Пелли посмотрела на Сильвану.

— Сильвана, в том туннеле хватит места для того, чтобы совы могли попрактиковаться в обращении с ледяным оружием?

— Думаю, да. Но я боюсь, если мы будем делать это большими группами, то можем вызвать подозрения.

На этот раз слово взял Мартин. Когда-то его обучал сам полковник Ледоцвет из дивизии Ледяных клювов, поэтому маленький сыч владел ледяным оружием лучше всех на Великом Древе.

— Когда дойдет до дела, мы будем сражаться в тесном пространстве, возможно, даже внутри дерева. Нам не нужен большой отряд бойцов. Все, что нам нужно, — это несколько верных сов. Я сам их обучу.

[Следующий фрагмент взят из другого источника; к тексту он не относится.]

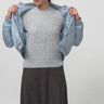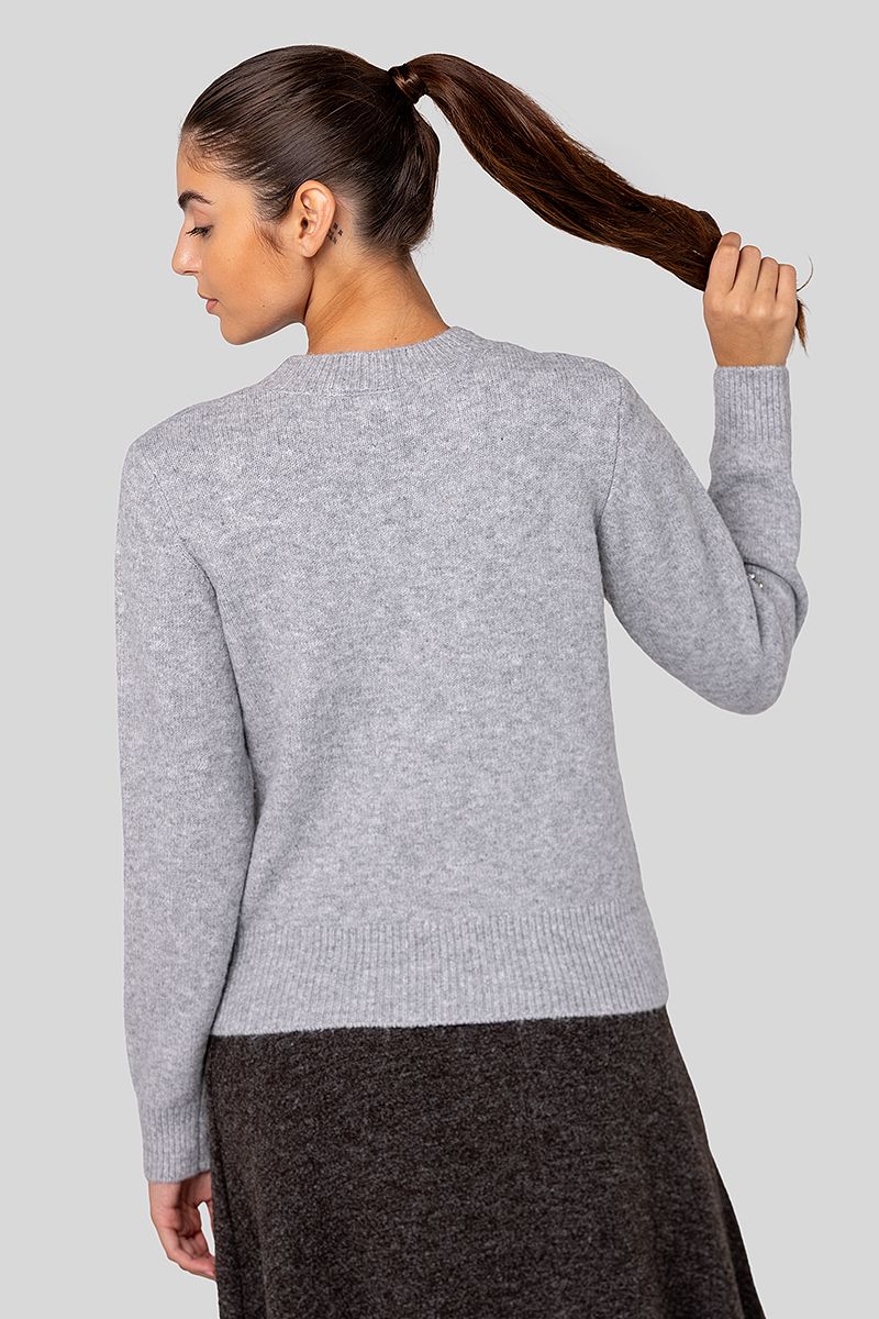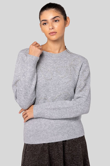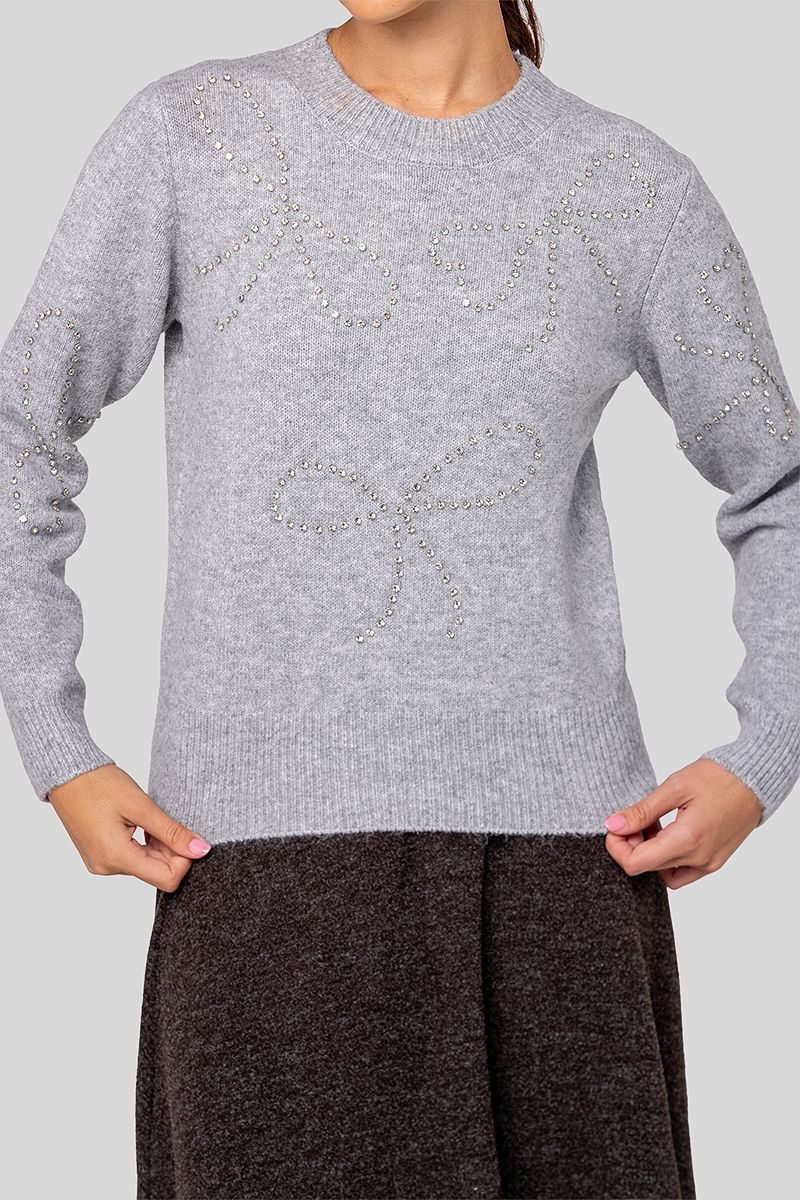 A soft knitted sweater designed with long sleeves and a classic crew neckline. Adorned with delicate bow-shaped embellishments made of tiny metallic studs for a refined feminine touch. Perfect for cozy everyday wear with a modern twist.

Совы, набившиеся в тесное пространство под корнями дерева, переглянулись. Несколько верных сов! Эти слова всколыхнули их желудки и заставили сильнее биться сердца. Они были как раз такими совами!

Глава XXII

Опаленное синее перо

Никогда до конца дней своих Кори не забудет, как в сумерки он вышел из берлоги, в которой жил вместе с сестрой и ее семьей, и увидел опаленное синее перо, трепетавшее на легком ветерке. Он пошатнулся, чувствуя, как желудок его обращается в камень.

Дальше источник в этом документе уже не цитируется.